D’un autre côté, si nous avons déjà présenté de premiers résultats sur ce point, le « spillover » électoral que nous avons mis en évidence suscite encore de nombreuses questions. Est-il unidirectionnel, du travail vers la politique, comme le suggèrent Carole Pateman et ses successeurs ? De même, concerne-t-il l’ensemble des salariés ou bénéficie-t-il plutôt à certains salariés particulièrement peu prédisposés à la mobilisation électorale ? Qu’en est-il au-delà de la seule participation électorale ? Aussi, ces pistes pourraient également s’inscrire dans un projet plus large autour de la notion de « citoyenneté industrielle » ou de « citoyenneté au travail » et comparant plus précisément le recours à un ensemble de formes de participation dans et hors du travail (syndicalisation, participation gréviste ou manifestante, engagement associatif, vote…). Cet élargissement permettrait de recourir aux données de grandes enquêtes internationales (European values study, World values survey…) afin de mettre en évidence les articulations éventuelles entre ces différentes pratiques participatives, mais aussi leurs déterminants, communs ou différents.

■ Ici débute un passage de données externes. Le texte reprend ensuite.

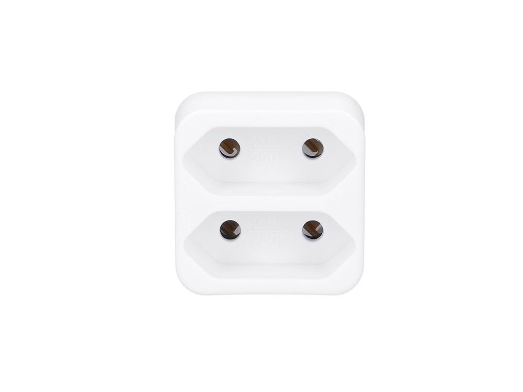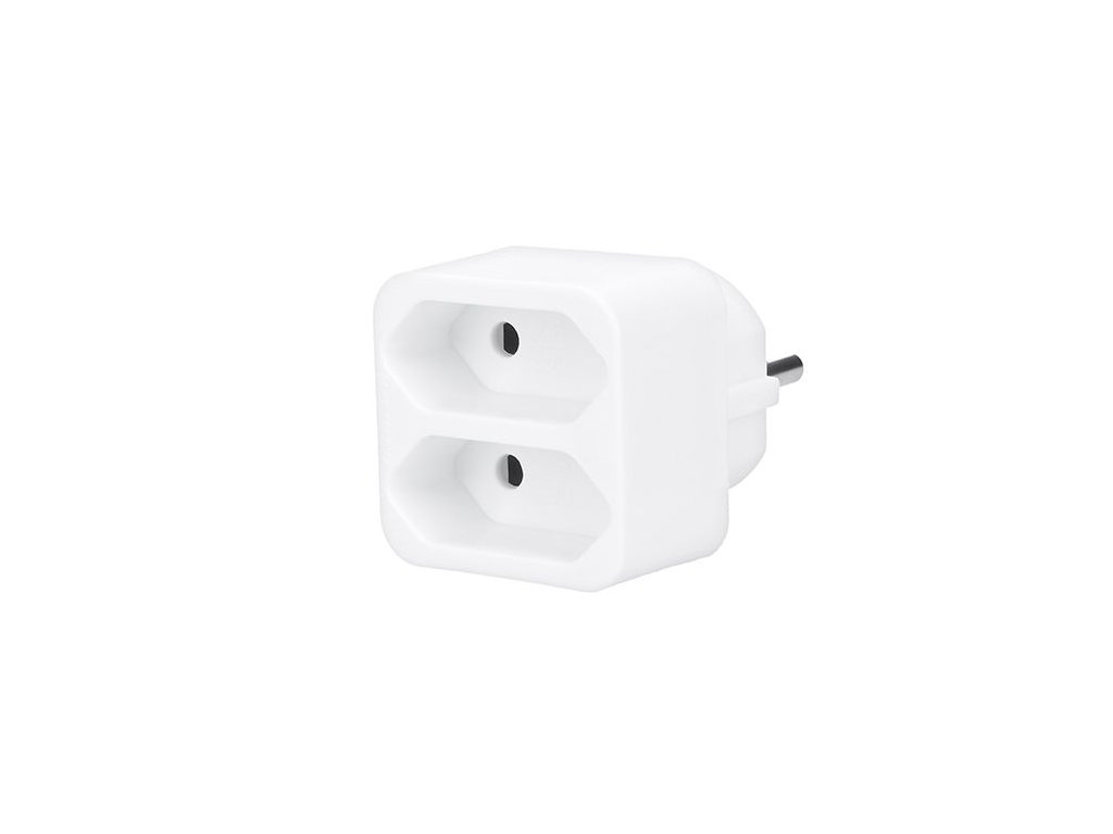 Acest adaptor simplu este folosit pentru a conecta două aparate neîmpământate cu cabluri de alimentare cu o priză plată.

Ces deux grandes pistes révèlent la nature des liens que ce travail de thèse contribue à nouer ou à renouer. En premier lieu, il s’agit de faire du vote dans le champ professionnel un objet de la sociologie politique des relations professionnelles et du syndicalisme. En réinvestissant des questionnements de sociologie électorale dans le champ professionnel, notre travail et certaines pistes proposées participent ainsi au décloisonnement, entamé depuis plus d’une décennie, entre, d’une part, la sociologie des relations professionnelles et du      syndicalisme et, d’autre part, la sociologie politique (Giraud, Yon, Béroud, 2018, p. 15). En second lieu, il s’agit également de faire du vote professionnel un objet de la sociologie électorale. Si « barbare » soit-il, il répond non seulement à des logiques sociales, mais il est aussi intrinsèquement lié au vote politique.